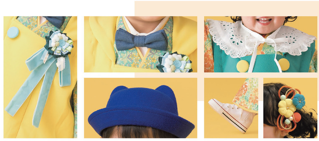 デニムのつけ襟にビビットカラーの髪飾りや小物で
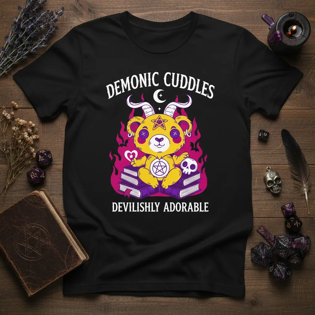 This t-shirt features a captivating graphic of a yellow bear, complete with devilish horns and a prominent pentagram. Flames in vibrant purple and pink hues swirl around the bear, adding an edgy yet playful vibe. The text “DEMONIC CUDDLES” is elegantly written above, and “DEVILISHLY ADORABLE” sits below, perfectly encapsulating the design’s theme. It’s an ideal choice for expressing individuality and a love for gothic or alternative fashion.
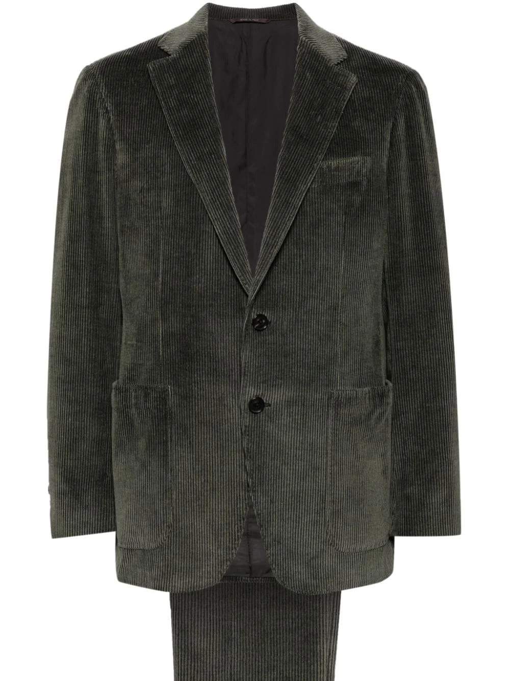 corduroy single-breasted suit Highlights - Forest green - Cotton-cashmere blend - Corduroy Made in Italy Composition Cotton 91%, Cashmere 8%, Elastane 1% SIZE & FIT Model measurements Height 6 ft 3 in(1.9 m) Bust/Chest 35.03 in(89 cm) Hips 36.61 in(93 cm) Waist 29.13 in(74 cm) FittingInformation Tailored for a slim fit, offering a comfortable fit that sits just away from the body The internal shoulder pads offer a structured shape Made from a midweight stretch fabric, this piece offers elasticity and flexibility when worn This piece fits true to size – take your usual size
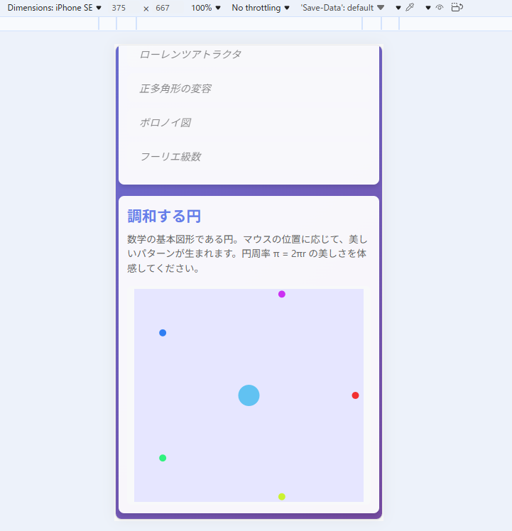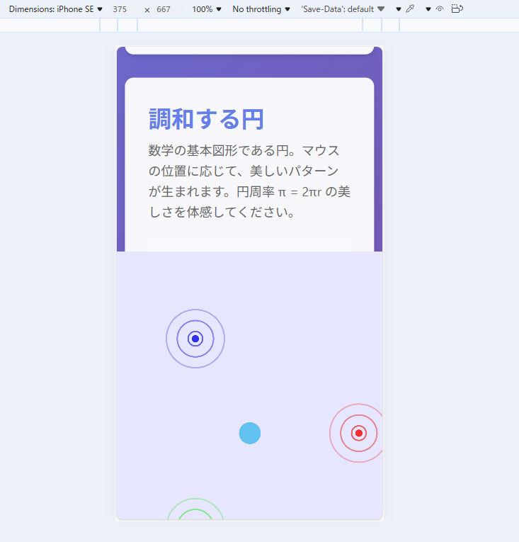ブラウザの開発者モードでiPhone SEにしてみた「調和する円」
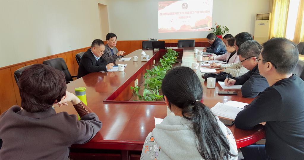 会议传达了国家开放大学思政理论课工作座谈会暨网络教学核心团队会议精神。思政教研室主任汪继红总结了本学期学校思政理论课教学情况,并提出2020年思政理论课教学工作计划。与会老师就贯彻落实国家开放大学会议精神展开热烈的讨论,大家表示要积极履职、协同配合,提升思政理论课教学水平和信息化技术运用能力,持续探索成人学生易于接受的教学方法和活动方式,开展与时俱进的理论和实践教学,增强思政理论课的亲和力、吸引力和感染力,当好成人学生思政教育的领路人。宣传部、教务处负责人对思政理论课教学工作提出意见和建议。
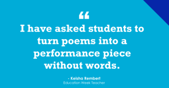 I love making poetry visual. I have turned my classroom into a jungle with poetry lines hanging from the vines. I have asked students to turn poems into a performance piece without words. I have asked students to connect poems to the design-thinking process by first asking students what is the poem “selling”? Happiness, fear, longevity. Then asking them to create a unique product that best captures the idea the poem seeks to convey. This activity engages students to reconsider how they think about and approach poetry. I find they appreciate the text because they are designing around it and have to thoroughly dissect it to create their product.
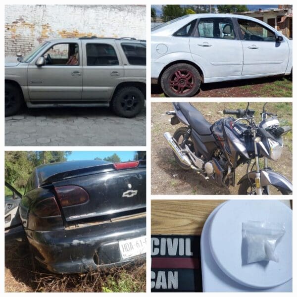 Entre los vehículos recuperados, destacan cuatro de la marca Chevrolet, un Ford, una Jeep, un Mazda y una motocicleta Yamaha; todos con reporte de robo. Las detenciones incluyeron a siete hombres y una mujer.
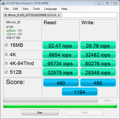 The toughest benchmark available for solid state drives is AS SSD as it relies solely on incompressible data samples when testing performance. For the most part, AS SSD tests can be considered the ‘worst case scenario’ in obtaining data transfer speeds and many enthusiasts like AS SSD for their needs. Transfer speeds are displayed on the left with IOPS results on the right.
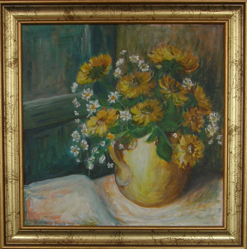Bukiety zawsze przyciągają oko, koją. Malowane przez Dorotę Silniewicz wydają się świeżo przyniesione z ogrodu, z wiejskiej rabatki; mają coś z poematu „Kwiaty polskie” Juliana Tuwima, są odbiciem słów:
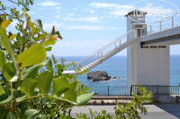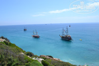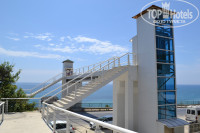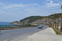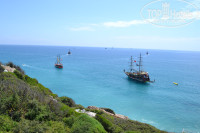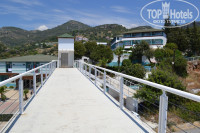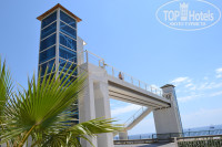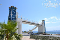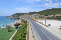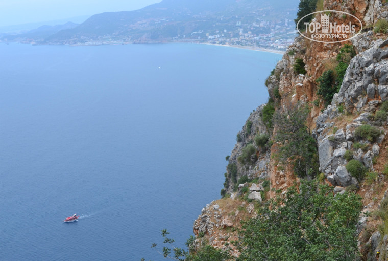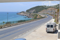 Виды у отеля с эстакады,над автомобильной трассой, очень красивые: отвесные скалы,тоннель,море,остров. Я бы назвала такой экстерьер изюминкой отеля. Лифты работают-хочешь,пешком бегай,хочешь-на лифте. На пляже: лежаки,матрасы,тенты,локальные зонтики, пирс. Заход песчано-галечный, есть небольшая платформа. Минус-встают на якорь яхты с морской прогулки, один раз измазала ступни в мазуте,пришлось жидкостью для снятия лака оттирать.Душ,туалеты,женский-вообще шикарный,большой, зеркала во всю стену.Бар-наливают пиво,колу. Лепешечки печёт турчанка.
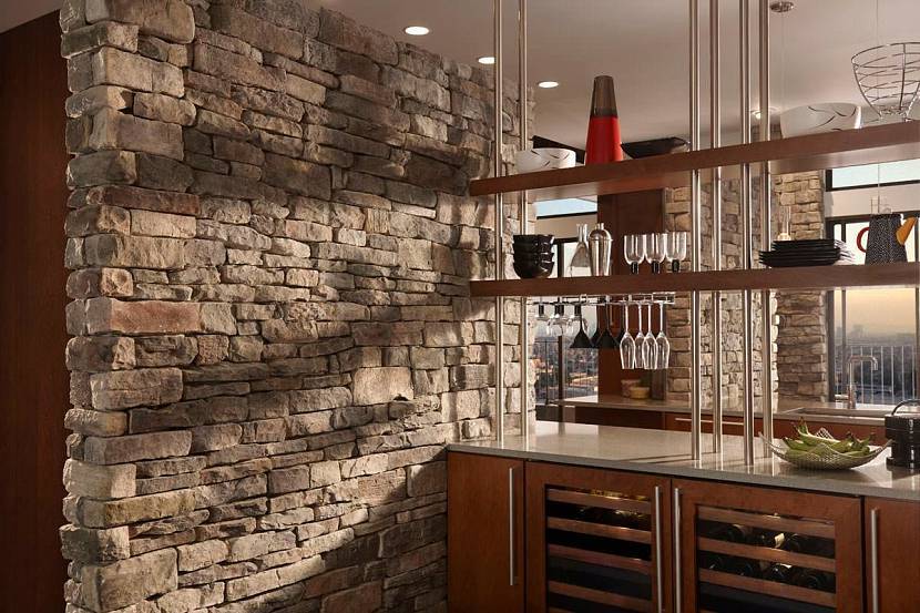 Искусственный камень хорош в обрамлении арок, открытых дверных проёмов, оконных рам. В просторных помещениях такой плиткой может быть отделана целая стена или куски акцентов на двух смешных поверхностях.
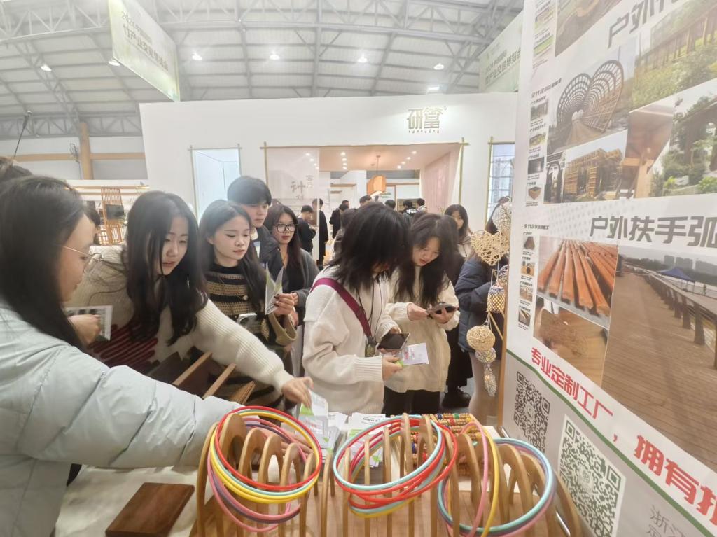 随后,詹颖带领数字媒体艺术设计专业主任李腾、环境艺术设计专业主任郑阳、室内艺术设计专业主任唐明利及专任教师冯妮娜、汪奂谦、罗加、舒馨组织学生分组分批参观竹制品销售展位,对热门产品进行现场点评和分析,并就大三学生的毕业选题进行指导。2022级数字媒体艺术设计2班何娜同学说道:“竹博会的展品和展示形式为我在毕业设计主题选择和表现手法上提供了灵感,同时竹文化的内涵也启发我在设计中要加强与文化的融合。”
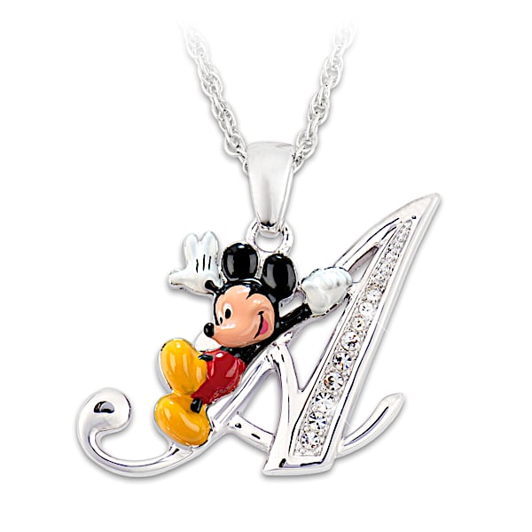 Disney The Magic Of You Mickey Mouse Sterling Silver-Plated Pendant Necklace Featuring The Initial Of Your Choice & Adorned With Crystals - Believe in the magic of Y-O-U and have a little F-U-N with Disney's Mickey Mouse! Now, you can bring the perfect splash of sparkle to any outfit with an initial pendant necklace featuring the charming smile and whimsical personality we all know and love of the one and only Mickey Mouse. Introducing the Disney The Magic of You Pendant Necklace, a fine jewelry design from The Bradford Exchange. Licensed from Disney, this Mickey Mouse pendant necklace lets you pick the initial of your choice to express your individuality in a unique way or surprise a fellow Mickey Mouse fan with a dazzling Disney jewelry gift.This gleaming pendant necklace displays a fully sculpted and hand-enameled portrait of Mickey Mouse in his signature color palette. He strikes playful poses on each rhodium-plated letter to show him interacting with the design in an adorable way. Plus, the initial is adorned with a sparkling pavé of genuine crystals to complete the irresistible look. Strong demand is expected, so don't delay. Order now!This fine jewelry is intended for adults.
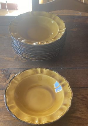Série de 12 assiettes creuses en faïence de Haute-Provence – Dans le goût de Vallauris– Années 70
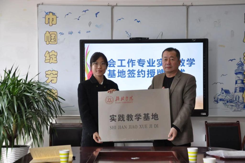 白炜代表政法学院与陕西筑梦公益发展中心与榆阳区星缘心智障碍教育服务中心签订实践教育基地协议并授“实习教育基地”牌。未来实践教育教学基地平台的搭建,为社工专业学生实习实践开展拓展平台,更好地增进校企合作,推进应用型社工人才的培养。
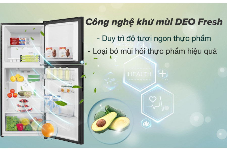 Kháng khuẩn khử mùi DEO Fresh: Có khả năng giải phóng ra các ion bạc để ức chế sự hoạt động của vi khuẩn và nấm mốc, nhờ đó duy trì độ tươi ngon thực phẩm tốt hơn và giảm thiểu mùi hôi xuất hiện bên trong tủ lạnh.
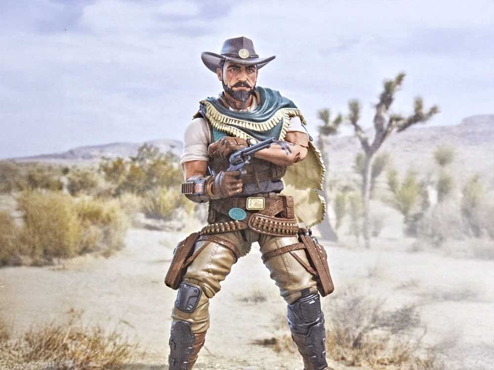 Sundown’s head sculpt shows slicked-back dark hair with and a neatly trimmed beard, along with a tattoo on his neck. The teal poncho drapes naturally over his chest, and the sculpted bullet belt running across his waist is a nice touch.
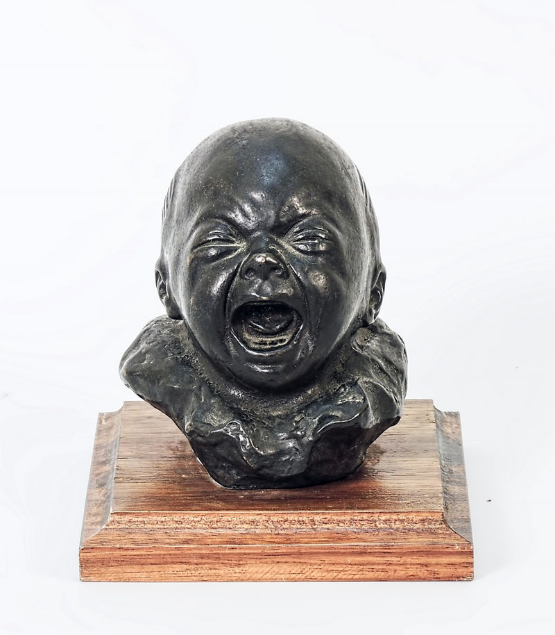 TESTA DI NEONATO PIANGENTE - HEAD OF CRYING BABY Scuola napoletana dell'inizio del XX secolo - Neapolitan School of early 20th Century scultura in bronzo - bronze sculpture firmata Uccello h cm 14
- - - - - - -
- **Directions**: Look at the listing and set down only the lines from its start through the line with "会议传达了国家开放大学思政理", word for word and without pictures.

- **Exercise solution**:
 デニムのつけ襟にビビットカラーの髪飾りや小物で
 This t-shirt features a captivating graphic of a yellow bear, complete with devilish horns and a prominent pentagram. Flames in vibrant purple and pink hues swirl around the bear, adding an edgy yet playful vibe. The text “DEMONIC CUDDLES” is elegantly written above, and “DEVILISHLY ADORABLE” sits below, perfectly encapsulating the design’s theme. It’s an ideal choice for expressing individuality and a love for gothic or alternative fashion.
 corduroy single-breasted suit Highlights - Forest green - Cotton-cashmere blend - Corduroy Made in Italy Composition Cotton 91%, Cashmere 8%, Elastane 1% SIZE & FIT Model measurements Height 6 ft 3 in(1.9 m) Bust/Chest 35.03 in(89 cm) Hips 36.61 in(93 cm) Waist 29.13 in(74 cm) FittingInformation Tailored for a slim fit, offering a comfortable fit that sits just away from the body The internal shoulder pads offer a structured shape Made from a midweight stretch fabric, this piece offers elasticity and flexibility when worn This piece fits true to size – take your usual size
ブラウザの開発者モードでiPhone SEにしてみた「調和する円」
 会议传达了国家开放大学思政理论课工作座谈会暨网络教学核心团队会议精神。思政教研室主任汪继红总结了本学期学校思政理论课教学情况,并提出2020年思政理论课教学工作计划。与会老师就贯彻落实国家开放大学会议精神展开热烈的讨论,大家表示要积极履职、协同配合,提升思政理论课教学水平和信息化技术运用能力,持续探索成人学生易于接受的教学方法和活动方式,开展与时俱进的理论和实践教学,增强思政理论课的亲和力、吸引力和感染力,当好成人学生思政教育的领路人。宣传部、教务处负责人对思政理论课教学工作提出意见和建议。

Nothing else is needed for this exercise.